4. Sanitation/Open Defecation Problem 
53% Indian population lack sanitation facilities, where as it is only 7% in case of Bangladesh and Brazil. 
India is termed as the world's capital of open defecation.
More than 60% of households in Uttarakhand, Orissa, Bihar, Chhattisgarh, Madhya Pradesh, Jharkhand and Rajasthan are without toilets. 
Only 28,000 Gram Panchayats (GPs) are declared as "Nirmal Gram" under TSC program out of 2.4 lakh GPs in the country.

5. Health & Nutrition Problem
Can we think of a strong India without healthy and strong citizens, present and future? 
Healthy Indians = Healthy & Strong India.
Child nutrition and their overall health need extra care in India as one in every three malnourished children in the world live in India; 8.8 lakh children die every year, more than 100 deaths per hour in India; the IMR (Infant Mortality Rate) in many states is still more than 50 per thousand for children up to the age of 5 years where as it should be at least below 30 per thousand; about 50% of all childhood deaths are attributed to malnutrition; 26% of the world's childhood vaccine preventable deaths take place in the country; Anaemia affects 74% of children under the age of three; as high as 44% children under five years are underweight; malnutrition in early childhood has serious long term consequences because it impedes development of vital life organs.
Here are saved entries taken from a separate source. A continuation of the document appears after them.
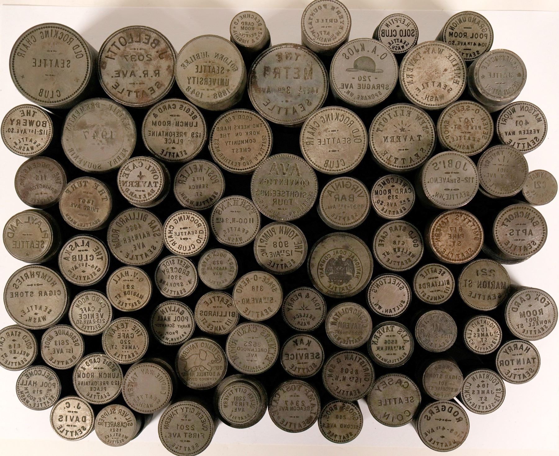 Grab bag of different dies, 50+, various sizes from Seattle, Washington. From the Northwest Territorial Mint Historical Die Collection.
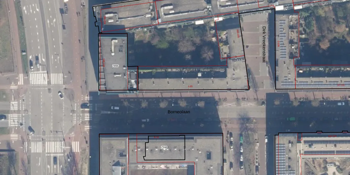 Borneolaan 1 is gelegen op kadastraal perceel ASD02A7807. Deze kadastrale aanduiding is uniek en wordt gebruikt door het Kadaster om eigendomsrechten en andere zakelijke rechten vast te leggen. Het perceel maakt onderdeel uit van de kadastrale gemeente Amsterdam.
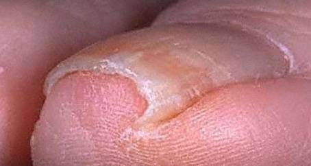 - утолщение, укорочение и деформация ногтя, огрубение кожи (при хроническом течении).

There are, no doubt many more pressing problems before the country which demand serious attention of power that be at all levels, but to start with the issues enumerated above would definitely give the right signal to common people at large that this government is really doing well rather than talking well. And we all know, well begun is half done. 

Finally, lots of best wishes to the new central government of the largest democratic country of the world from a common Indian.

               Will meet again with Open MindAll The Best.